Norse mythology describes the exploits of the so-called berzerkers ferocious warriors who went into battle clad in animal skins. In the legends, berzerkers fought fearlessly in a frenzied state, and they achieved that state through some kind of animistic force derived from the skins.

But some historians now believe the berzerkers actually existed and that their frenzy was the result of chemical enhancement. There's some evidence to suggest they were actually under the influence of a hallucinogenic mushroom, amanita muscaria.

In modern times, armies have harnessed the power of drugs in a more systematic way.

Norman Ohler documents the ways the drugs drove the German Army during World War II, in his book Blitzed: Drugs in the Third Reich.


German soldiers during the early part of WWII were known to use Pervitin, a form of methamphetamine. (U.S. National Archives
and Records Administration)



Ohler argues that some of the German army's early triumphs victories that would shape the course of the war were thanks in part to the use of an over-the-counter form of methamphetamine called Pervitin. A doctor named Otto F. Ranke was tasked with improving the performance of German soldiers. He had seen studies that showed Pervitin reduced fear and fatigue, and realized it was the perfect combination for soldiers.

Pervitin helped keep the army marching past the breaking point when Germany invaded France by way of the Ardennes mountains. But the drug also helped the soldiers fight.


Pervitin is an over-the-counter form of methamphetamine that was available to Germans during WWII. (Thomas Springer)

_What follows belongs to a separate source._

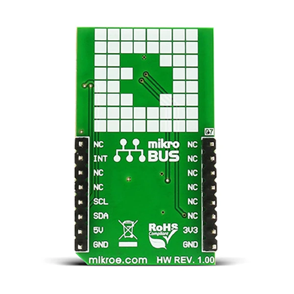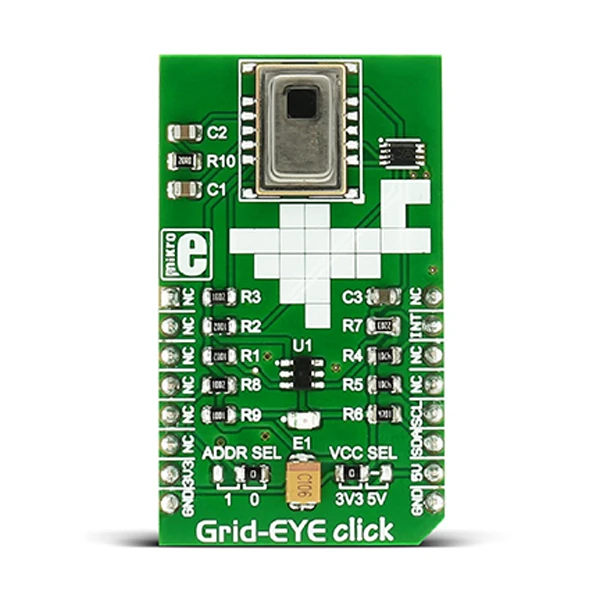 Grid-EYE Click is a 8×8 thermal array sensor-detector that carries the AMG8853 infrared array sensor from Panasonic. The Click is designed to run on either 3.3V or 5V power supply. It communicates with the target MCU over I2C interface.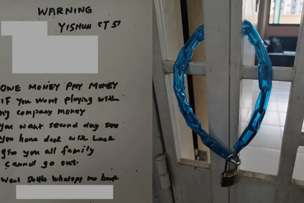 新加坡警察部队星期五(10月20日)发文告说,警方星期四(19日)傍晚约6时35分接获报案,指马西岭坡的住宅单位发生大耳窿骚扰案,受害者的单位大门遭人泼洒相信是松节油(turpentine)的液体,一旁的鞋架留下一张讨债字条。

The first battle of the western campaign was in Martelange, Belgium. Ohler found accounts from Belgian soldiers who recall German soldiers charging fearlessly towards machine gun nests.

"You could say that the reduction of the fear level which is scientifically proven if you take a high dosage of Pervitin led the Germans to this unorthodox behaviour, which then frightened the Belgian defenders," said Ohler.

According to Ohler, these incidents helped create the rumour of the unbeatable German super soldier.

Drugs still a part of war

Drugs continue to play a role in warfare. Perhaps the most disturbing example is how drugs have been used to manipulate and control child soldiers in African conflict zone.

Ishmael Beah, author of A Long Way Gone: memoirs of a boy soldier, fought in Sierra Leone. Beah described how the commanders would keep the kids high on 'brown browns,' a mixture of cocaine and gunpowder.

The gunpowder contains nitroglycerin, which is a vasodilator, and helps spread the cocaine through the bloodstream more quickly. The commanders would have the children commit atrocities while high, because the drugs would help them overcome fear and conscience. The dependence on the drugs kept the kids loyal and obedient.

In popular culture, the Vietnam War may be the war most closely associated with drug use and abuse. But according to historian Jeremy Kuzmarov, that perception is largely a myth with roots in propaganda.

In his book, The Myth of the Addicted Army, Kuzmarov argues alcohol was the drug of choice for most American GIs. He says that, to the extent troops used marijuana, the use was confined to rear areas far from combat.

Contrary to the image of thousands of Americans coming home from Vietnam hooked on heroin, use of the drug was not widespread. Kuzmarov argues that Richard Nixon's administration used the idea of addicted soldiers to drum up support for the domestic war on drugs.

Karl Marlantes who served in Vietnam confirms that pot use was not tolerated on the front lines. Marlantes points out that soldiers have always used drugs as a kind of self medication to manage the trauma that comes with combat. But he also acknowledges how, in spite of all the horror and trauma, soldiers can spend the rest of their lives trying to regain the feeling of being in war.

According to Marlantes, the experience of warfare as a kind of drug in itself. He described the intoxicating feeling of being a 23-year-old with the power to call in napalm attacks and artillery bombardment.

"You can get into something, a darkness that will take you over. That's where it is akin to drugs or a spiritual experience," he said.

Drugs helping to heal after battle

Mark Haden is leading research into the use of MDMA better known as ecstasy to help veterans overcome post traumatic stress disorder. It's better known as a party drug, but it is showing promise when used along with talk therapy to help veterans come to terms with their traumatic experiences.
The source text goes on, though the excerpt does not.